>>>

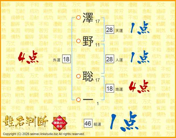 生活面を象徴する運勢です。外部から受ける影響力を表し、結婚運、家庭運や職場、環境への順応性を表します。総運から人運を引いた画数。姓や名が1文字の場合を除く。
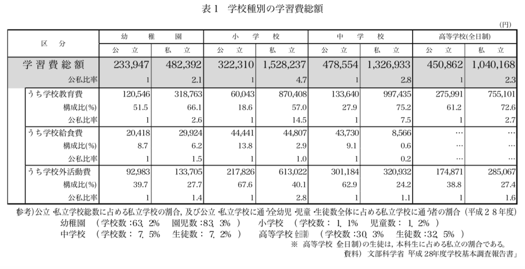 また保護者が支出した1年間・子供一人当たりの学習費総額(保護者が子供の学校教育及び学校 外活動のために支出した経費の総額)を見てみると、公立幼稚園で23万4千円、私立幼稚園で48万2千円と倍以上の開きがあり、公立小学校に通った場合は32万2千円、私立小学校に通った場合は152万8千円が年間に必要となるとされています。
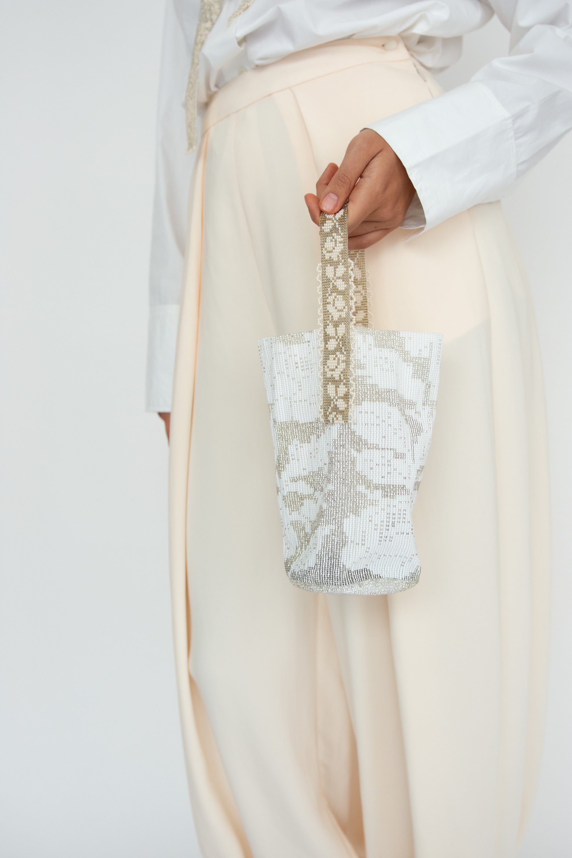 Hand woven pouch bag with lace pattern glass beads. Silver, White and Beige beads. Wide beaded handles that loop through the bag. Handwoven top and embroidered bottom making it hard and durable. Handmade with 39'000 glass beads, in 4 days, by 3 women in Guatemala.
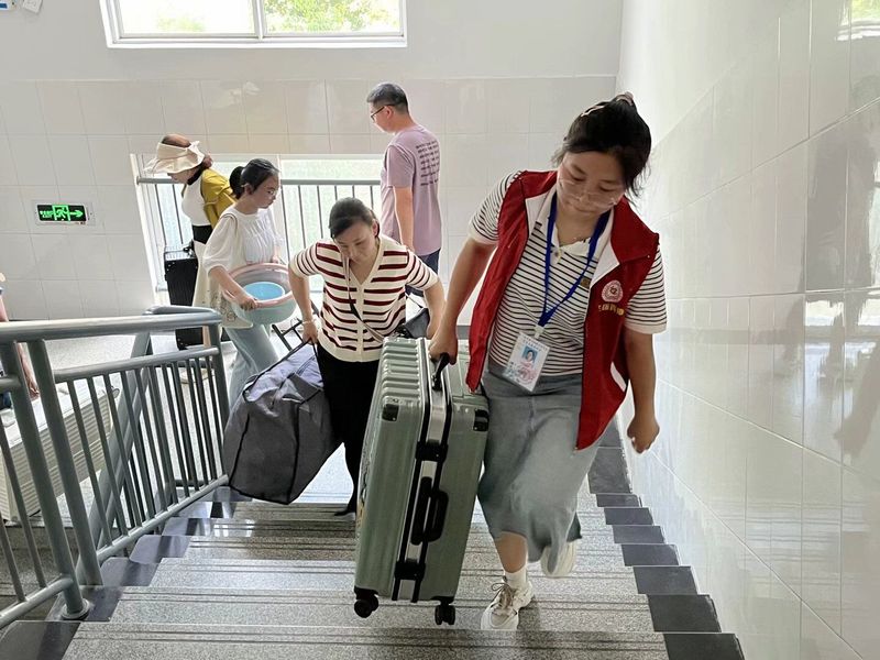 迎新现场,志愿者们指引新生按照报到流程办理手续,发放入学防骗提示单、学生手册和校园卡,帮助新生搬运行李、查找宿舍、熟悉校园,细心给他们答疑解惑,叮嘱新同学注意个人财物安全、宿舍用电安全,严防各类诈骗,“一对一”的贴心服务赢得了新生及家长的高度认可。迎新期间,学院党政领导齐聚新生报到处,与迎新教师、志愿者、新生及家长亲切交谈,勉励初入巢院的新同学尽快融入大学生活,并与学生家长进行充分沟通和交流,同时对迎新工作人员周到的服务工作给予肯定。

<<<

*Description of the task*. Once the pictures are removed, copy the listing exactly.

*Answer space*.
 生活面を象徴する運勢です。外部から受ける影響力を表し、結婚運、家庭運や職場、環境への順応性を表します。総運から人運を引いた画数。姓や名が1文字の場合を除く。
 また保護者が支出した1年間・子供一人当たりの学習費総額(保護者が子供の学校教育及び学校 外活動のために支出した経費の総額)を見てみると、公立幼稚園で23万4千円、私立幼稚園で48万2千円と倍以上の開きがあり、公立小学校に通った場合は32万2千円、私立小学校に通った場合は152万8千円が年間に必要となるとされています。
 Hand woven pouch bag with lace pattern glass beads. Silver, White and Beige beads. Wide beaded handles that loop through the bag. Handwoven top and embroidered bottom making it hard and durable. Handmade with 39'000 glass beads, in 4 days, by 3 women in Guatemala.
 迎新现场,志愿者们指引新生按照报到流程办理手续,发放入学防骗提示单、学生手册和校园卡,帮助新生搬运行李、查找宿舍、熟悉校园,细心给他们答疑解惑,叮嘱新同学注意个人财物安全、宿舍用电安全,严防各类诈骗,“一对一”的贴心服务赢得了新生及家长的高度认可。迎新期间,学院党政领导齐聚新生报到处,与迎新教师、志愿者、新生及家长亲切交谈,勉励初入巢院的新同学尽快融入大学生活,并与学生家长进行充分沟通和交流,同时对迎新工作人员周到的服务工作给予肯定。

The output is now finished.